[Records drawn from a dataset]
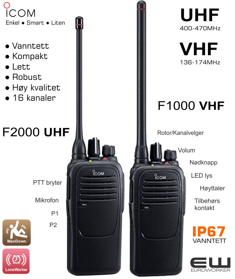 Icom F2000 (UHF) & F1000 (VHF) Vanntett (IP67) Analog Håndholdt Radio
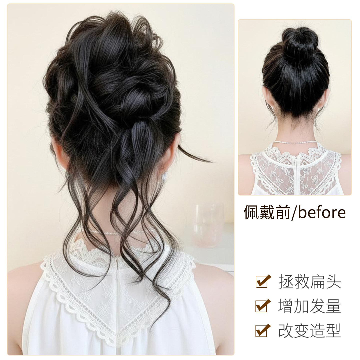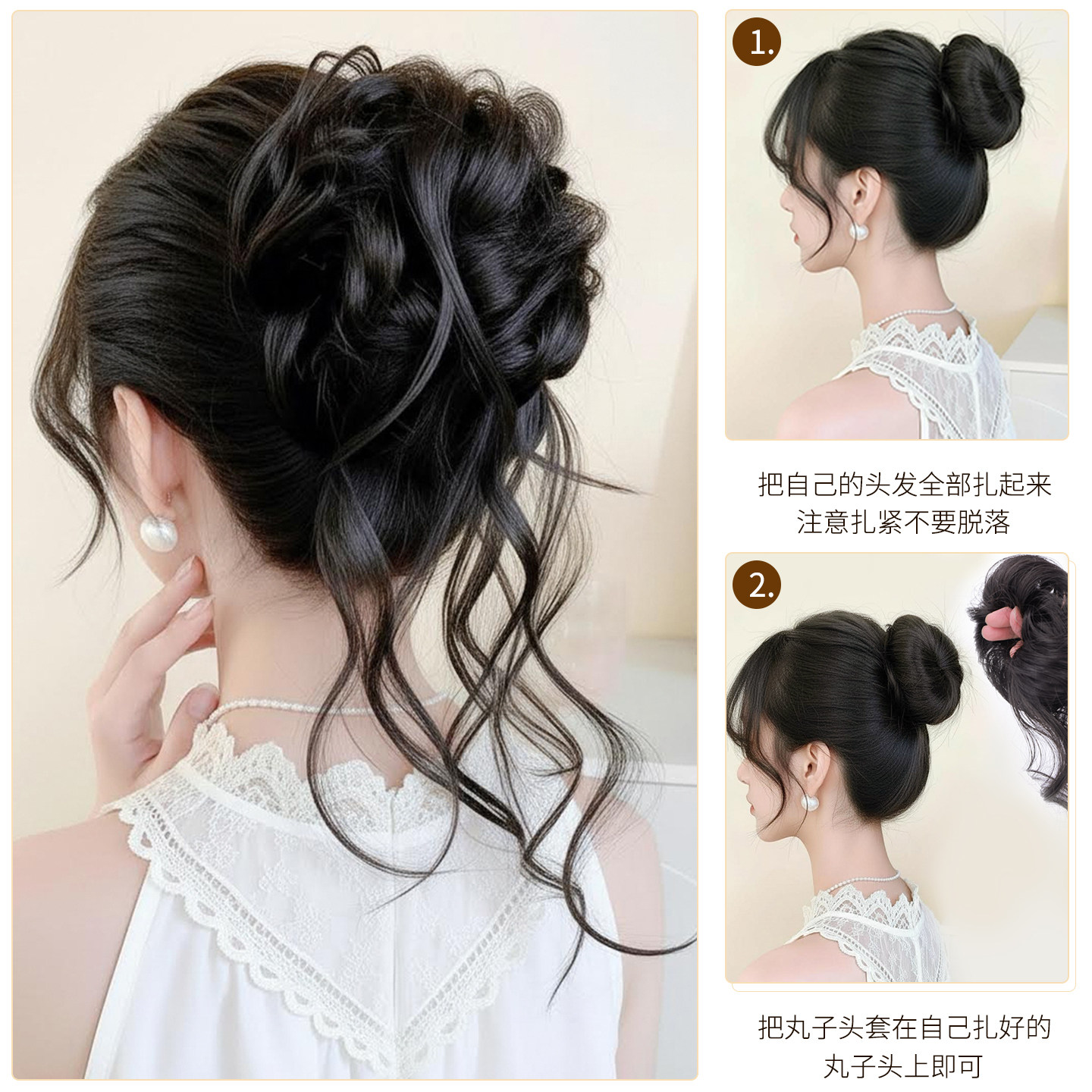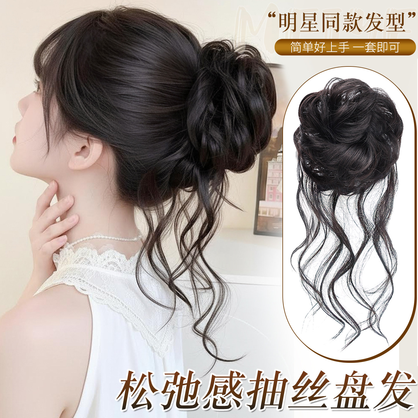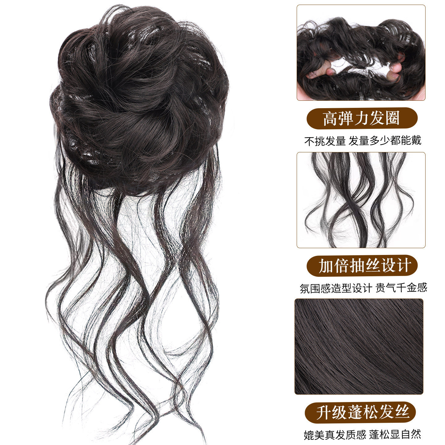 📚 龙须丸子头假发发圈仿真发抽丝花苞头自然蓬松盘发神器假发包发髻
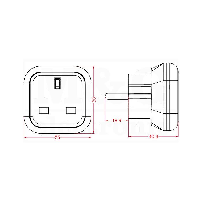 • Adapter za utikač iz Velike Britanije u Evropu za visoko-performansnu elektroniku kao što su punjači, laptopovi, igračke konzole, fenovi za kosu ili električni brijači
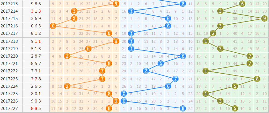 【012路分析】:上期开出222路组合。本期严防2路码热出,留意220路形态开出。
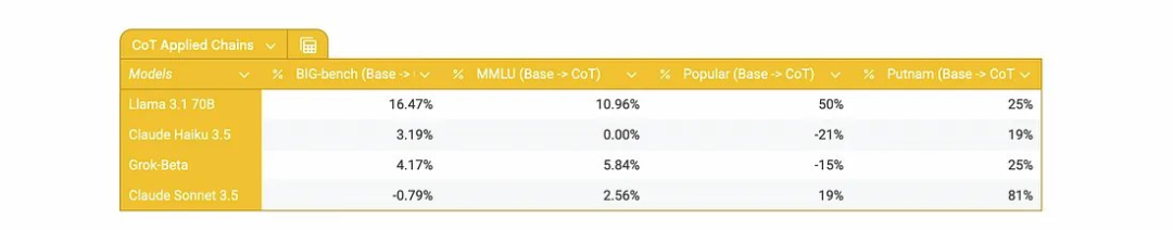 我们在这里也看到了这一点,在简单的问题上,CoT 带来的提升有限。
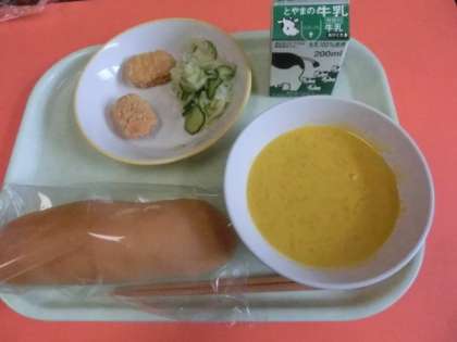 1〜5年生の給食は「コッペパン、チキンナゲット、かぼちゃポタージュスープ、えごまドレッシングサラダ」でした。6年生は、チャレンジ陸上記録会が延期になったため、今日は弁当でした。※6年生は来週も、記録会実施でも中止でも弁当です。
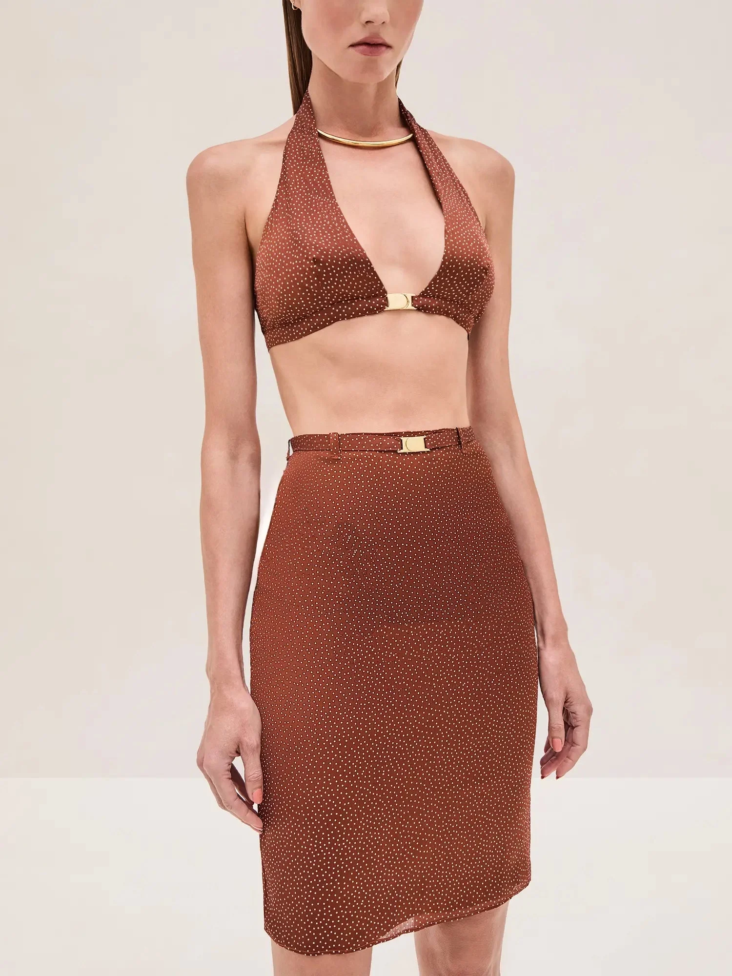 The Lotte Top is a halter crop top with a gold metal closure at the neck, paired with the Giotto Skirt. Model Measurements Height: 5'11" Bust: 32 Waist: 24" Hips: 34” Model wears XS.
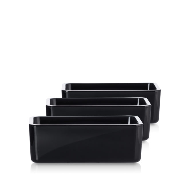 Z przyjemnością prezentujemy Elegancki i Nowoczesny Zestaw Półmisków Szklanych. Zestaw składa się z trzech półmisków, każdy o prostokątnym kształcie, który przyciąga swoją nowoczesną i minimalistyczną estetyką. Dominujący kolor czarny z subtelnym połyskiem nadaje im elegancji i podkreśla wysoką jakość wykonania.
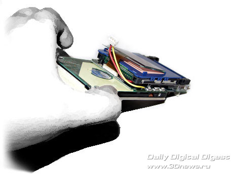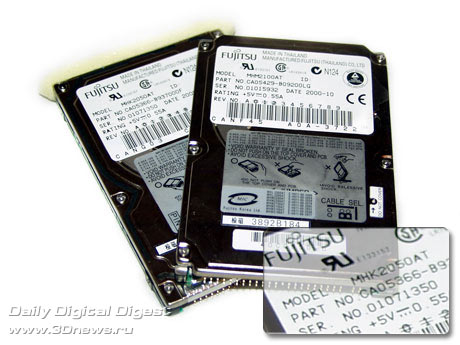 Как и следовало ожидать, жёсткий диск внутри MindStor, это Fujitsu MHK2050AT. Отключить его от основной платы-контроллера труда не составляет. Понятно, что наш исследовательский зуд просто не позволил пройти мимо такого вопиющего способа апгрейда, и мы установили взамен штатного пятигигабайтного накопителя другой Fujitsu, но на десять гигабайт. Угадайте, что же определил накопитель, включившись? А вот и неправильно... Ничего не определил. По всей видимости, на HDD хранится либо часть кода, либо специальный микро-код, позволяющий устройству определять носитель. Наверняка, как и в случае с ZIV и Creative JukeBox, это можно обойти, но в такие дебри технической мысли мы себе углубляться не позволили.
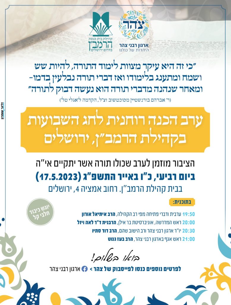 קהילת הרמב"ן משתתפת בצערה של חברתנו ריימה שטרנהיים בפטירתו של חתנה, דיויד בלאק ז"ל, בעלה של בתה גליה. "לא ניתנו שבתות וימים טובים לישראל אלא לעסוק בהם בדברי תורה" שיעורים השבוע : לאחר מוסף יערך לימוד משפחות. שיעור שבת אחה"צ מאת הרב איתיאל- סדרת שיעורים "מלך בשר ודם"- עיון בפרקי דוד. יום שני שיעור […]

TASK DIRECTIONS | Give the records again exactly, minus the pictures.

YOUR RESPONSE |
 Icom F2000 (UHF) & F1000 (VHF) Vanntett (IP67) Analog Håndholdt Radio
 📚 龙须丸子头假发发圈仿真发抽丝花苞头自然蓬松盘发神器假发包发髻
 • Adapter za utikač iz Velike Britanije u Evropu za visoko-performansnu elektroniku kao što su punjači, laptopovi, igračke konzole, fenovi za kosu ili električni brijači
 【012路分析】:上期开出222路组合。本期严防2路码热出,留意220路形态开出。
 我们在这里也看到了这一点,在简单的问题上,CoT 带来的提升有限。
 1〜5年生の給食は「コッペパン、チキンナゲット、かぼちゃポタージュスープ、えごまドレッシングサラダ」でした。6年生は、チャレンジ陸上記録会が延期になったため、今日は弁当でした。※6年生は来週も、記録会実施でも中止でも弁当です。
 The Lotte Top is a halter crop top with a gold metal closure at the neck, paired with the Giotto Skirt. Model Measurements Height: 5'11" Bust: 32 Waist: 24" Hips: 34” Model wears XS.
 Z przyjemnością prezentujemy Elegancki i Nowoczesny Zestaw Półmisków Szklanych. Zestaw składa się z trzech półmisków, każdy o prostokątnym kształcie, który przyciąga swoją nowoczesną i minimalistyczną estetyką. Dominujący kolor czarny z subtelnym połyskiem nadaje im elegancji i podkreśla wysoką jakość wykonania.
 Как и следовало ожидать, жёсткий диск внутри MindStor, это Fujitsu MHK2050AT. Отключить его от основной платы-контроллера труда не составляет. Понятно, что наш исследовательский зуд просто не позволил пройти мимо такого вопиющего способа апгрейда, и мы установили взамен штатного пятигигабайтного накопителя другой Fujitsu, но на десять гигабайт. Угадайте, что же определил накопитель, включившись? А вот и неправильно... Ничего не определил. По всей видимости, на HDD хранится либо часть кода, либо специальный микро-код, позволяющий устройству определять носитель. Наверняка, как и в случае с ZIV и Creative JukeBox, это можно обойти, но в такие дебри технической мысли мы себе углубляться не позволили.
 קהילת הרמב"ן משתתפת בצערה של חברתנו ריימה שטרנהיים בפטירתו של חתנה, דיויד בלאק ז"ל, בעלה של בתה גליה. "לא ניתנו שבתות וימים טובים לישראל אלא לעסוק בהם בדברי תורה" שיעורים השבוע : לאחר מוסף יערך לימוד משפחות. שיעור שבת אחה"צ מאת הרב איתיאל- סדרת שיעורים "מלך בשר ודם"- עיון בפרקי דוד. יום שני שיעור […]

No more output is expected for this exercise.